Q. You were quite a Romeo.

A. Well, I don't know about that, but the fact is I guess I played the part.

Q. Why so many marriages?

A. A lot of people in Hollywood have a lot of marriages. It's nothing to be proud of; we'd all like to be married for the first and only time. Now I've been married for 30 years. Today it's something strange when you stop to think about it. ... And I don't want to mention any names, but God, everything you hear is, "They went together for two weeks, had a honeymoon, split up, and then they got divorced." I mean things are so silly.

Q. Do you think getting all that attention at a young age is damaging?

A. No, I don't think so. You do what God intended you to do, and we all have a part to play -- you, too, and everybody else.

Q. Would you characterize yourself as ambitious?

A. I think it's a good quality in life for everybody to be ambitious, and a lot of people aren't. Well I got news for you, my folks, as you know, were in vaudeville and burlesque. I grew up in show business, and that's continued. My wife, Jan, loves show business too. She was a singer before I met her. We made three pictures together. I never considered anything else. We love it. We actually have a star on Hollywood Boulevard together for live entertainment. It's in front of the Kodak Theater. It's the first time that has ever been done. It happened last April.

Q. So how many stars do you have?

A. Four stars, including one with my wife.

Q. Do you think there will be a surge of spiritualism with the Pope's death?

A. Oh, I think it is a very sorrowful thing, but I also think we have to remember we have other religions. We love everybody, and we want everybody in the world to get along. I am a veteran of foreign wars. I was in the Second World War, and I was decorated. Now I belong to VFW Post 48. I have the Bronze Star. I was at the White House and met Franklin Roosevelt. We are very proud of our troops and proud of our country. I think everybody should stop and tell their children how proud they are of our country too.

Q. How many presidents have you met?

A. Oh, I think about six.

Q. Has your measure of success changed over the years?
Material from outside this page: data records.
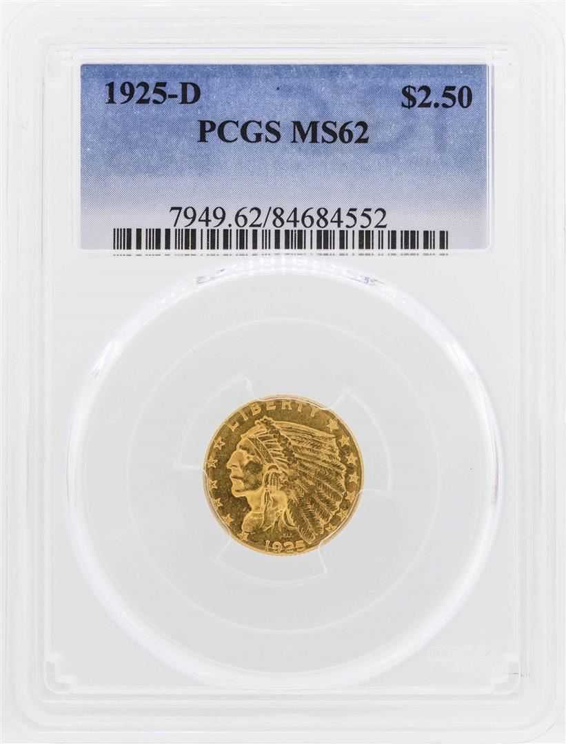 One 1925-D $2 1/2 Indian Head Quarter Eagle Gold Coin PCGS MS62. PCGS Graded.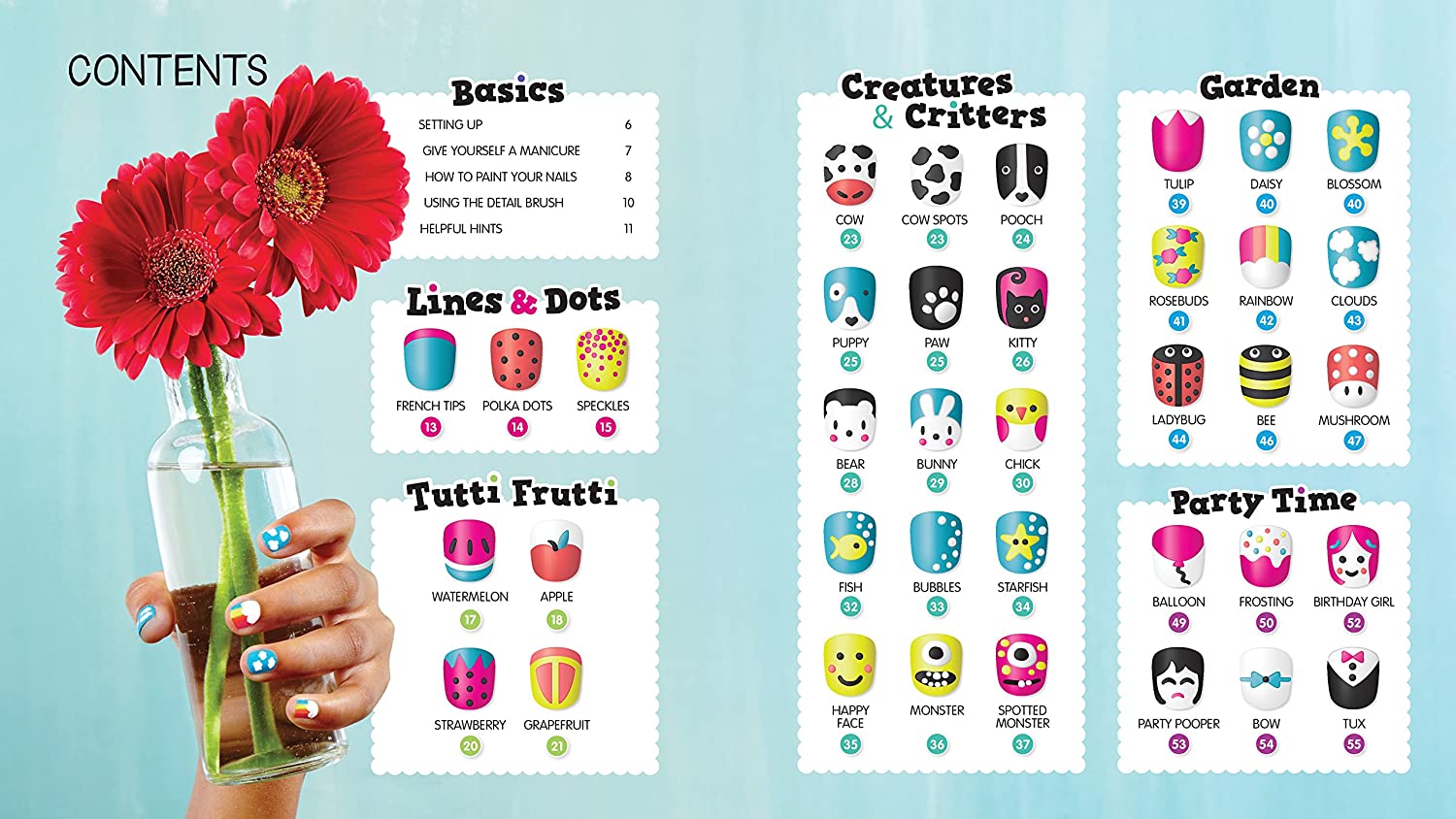 This time-tested favorite is a fully-photographic instruction book packed with tips, techniques, and over 35 designs to paint on fingernails (and toenails, too). With 6 colors of water-based, non- toxic, peel-off nail paints, you can try every design idea on (and off - and on - and off) with no nail polish remover required.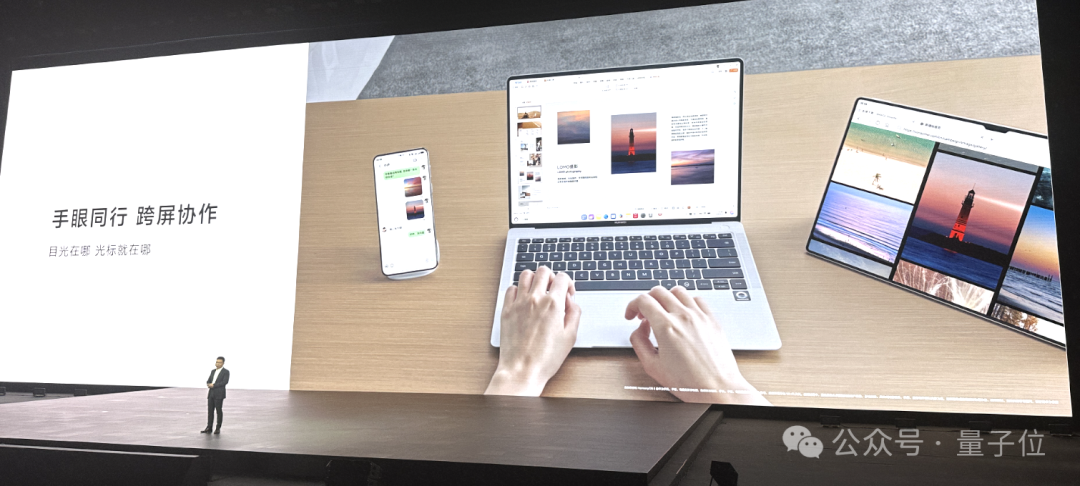 举个例子,华为MateBook Pro支持手眼协同跨屏写作和文件互传,手机电脑平板放到一起,眼镜看到哪里光标就移动到哪里,支持多个屏幕共享文件和剪贴板。
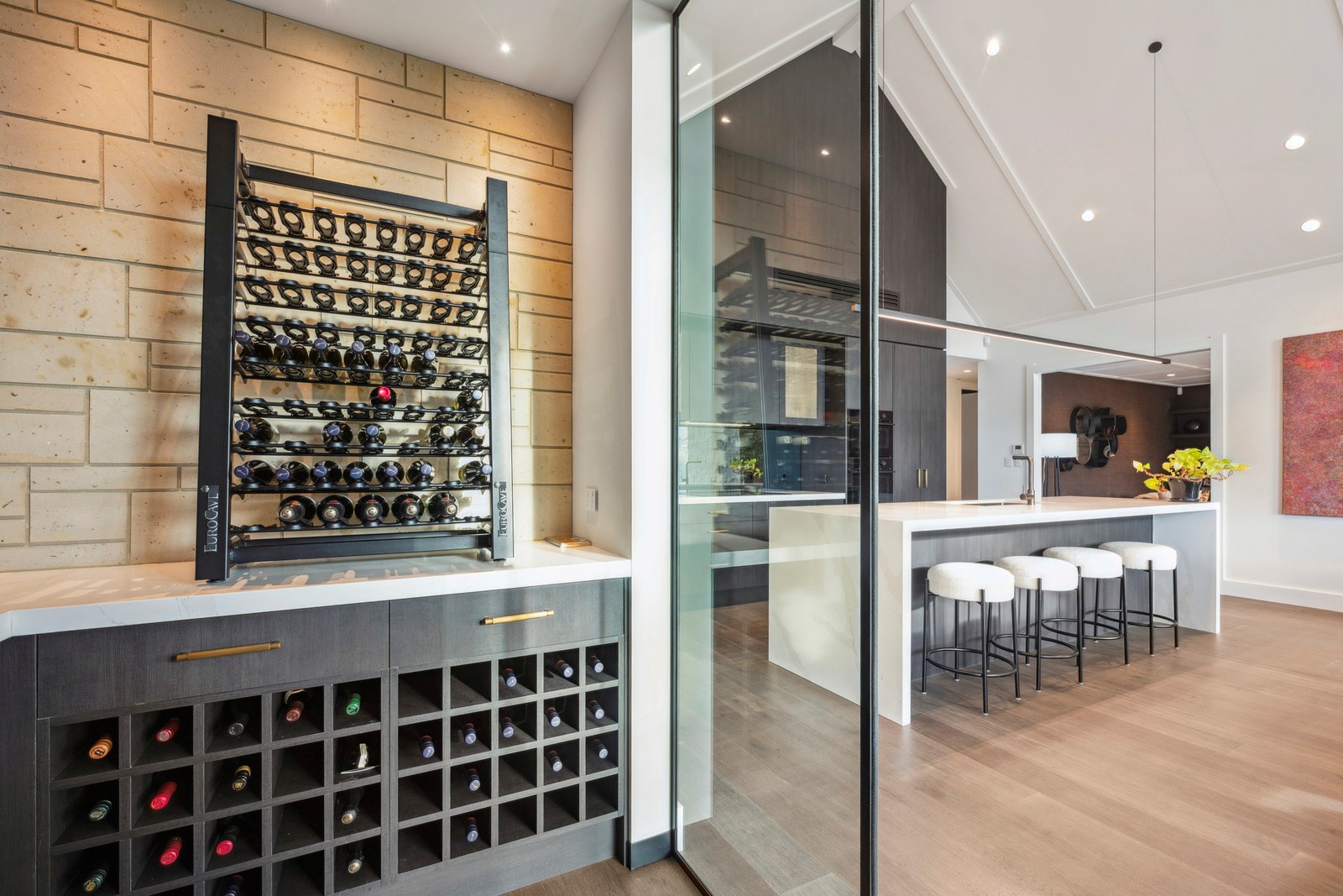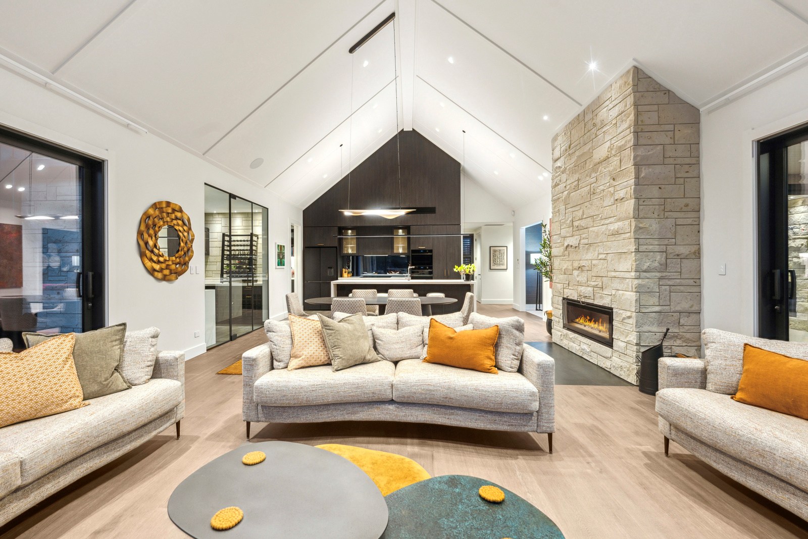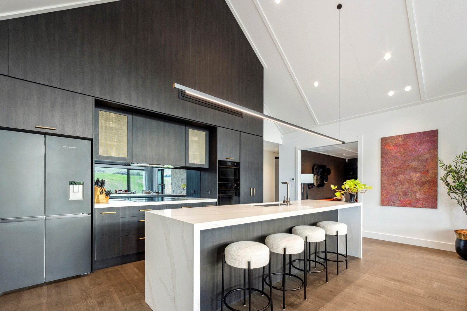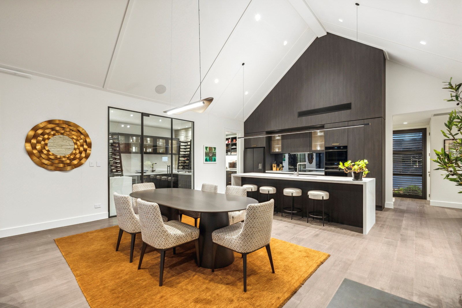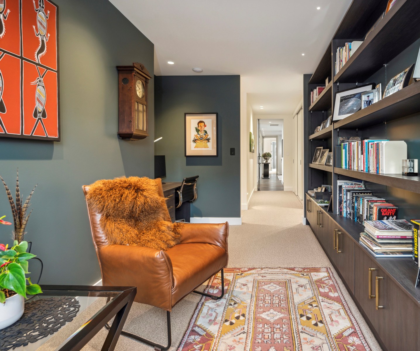 A library tucked away off the central hub offers a quiet place to retreat. This is also an environmentally responsible build. Energy efficiency is elevated by solar panels with battery storage, thermally broken joinery, advanced insulation, and motion-sensor lighting. The smart system allows for remote control of climate, lighting, and security. Materials were locally sourced, and the home was designed to reduce waste and water use throughout construction and occupancy. Clad in stone and metal, this 369sqm home celebrates craftsmanship, design and a light environmental footprint.

A. No. I just think that it's important if you are in show business for people to be nice to you and remember you and ask you different questions. Everybody who's in show business has fun. I made two pictures, "Military Policeman" and "Off Limits," with my friend Bob Hope, and I mean we had fun together. Then, of course, I did "Requiem for a Heavyweight" [airing Thursday at 6:30 p.m. on Turner Classic Movies] with Anthony Quinn and Jackie Gleason. There was "The Black Stallion" and, of course, "Boys Town," where I am the mayor for life.

Q. How do you think you will be remembered?

A. Well, I don't think one ever knows. I think you just do the best with the life God gave you.